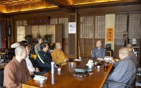 2019年3月21日,河北省佛教协会副会长、张家口市云泉禅寺方丈果岚法师一行到访杭州灵隐寺,受到杭州灵隐寺方丈光泉法师的热情接待,双方就佛教弘法建设和寺院管理等方面进行深入交流。 果岚法师在交流时表示:近年来,中国佛教界许多大型活动都由杭州佛教协会、杭州灵隐寺协办或承办,取得了丰硕的成果,灵隐寺为中国佛教事业发展,作出了长足的探索,取得了宝贵的成功经验。此次杭州之行,希望通过向杭州佛教界取经,学习先进的管理经验,提升张家口市佛教界综合管理水平。 光泉法师在会谈时首先介绍了杭州佛教协会的管理框架,并详细介绍了灵隐寺执事会议制度的开展情况。在谈及管理模式时他表示:灵
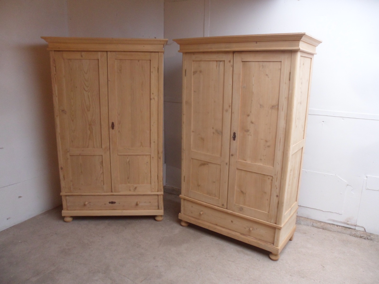 Lovely Pair of Old Pine Knockdown Wardrobes to wax / paint
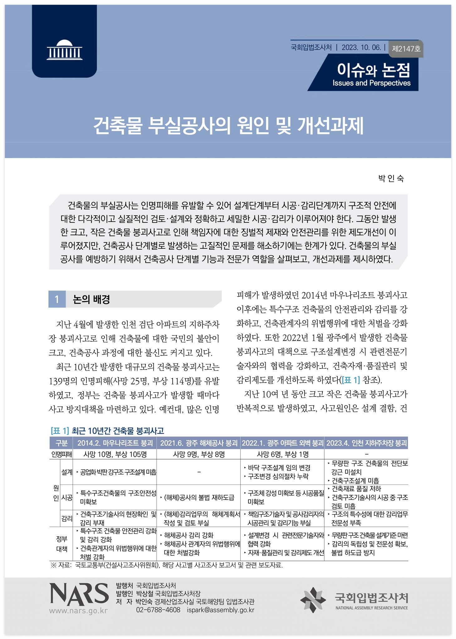□ 자료 다운로드 : (이슈와논점_2147호-20231006)건축물_부실공사의_원인_및_개선과제

• [WHAT IS BEING ASKED] From the first line of the material down to the line containing "Lovely Pair of", inclusive, return each line exactly, skipping any picture.

• [SOLVED PROBLEM]
 2019年3月21日,河北省佛教协会副会长、张家口市云泉禅寺方丈果岚法师一行到访杭州灵隐寺,受到杭州灵隐寺方丈光泉法师的热情接待,双方就佛教弘法建设和寺院管理等方面进行深入交流。 果岚法师在交流时表示:近年来,中国佛教界许多大型活动都由杭州佛教协会、杭州灵隐寺协办或承办,取得了丰硕的成果,灵隐寺为中国佛教事业发展,作出了长足的探索,取得了宝贵的成功经验。此次杭州之行,希望通过向杭州佛教界取经,学习先进的管理经验,提升张家口市佛教界综合管理水平。 光泉法师在会谈时首先介绍了杭州佛教协会的管理框架,并详细介绍了灵隐寺执事会议制度的开展情况。在谈及管理模式时他表示:灵
 Lovely Pair of Old Pine Knockdown Wardrobes to wax / paint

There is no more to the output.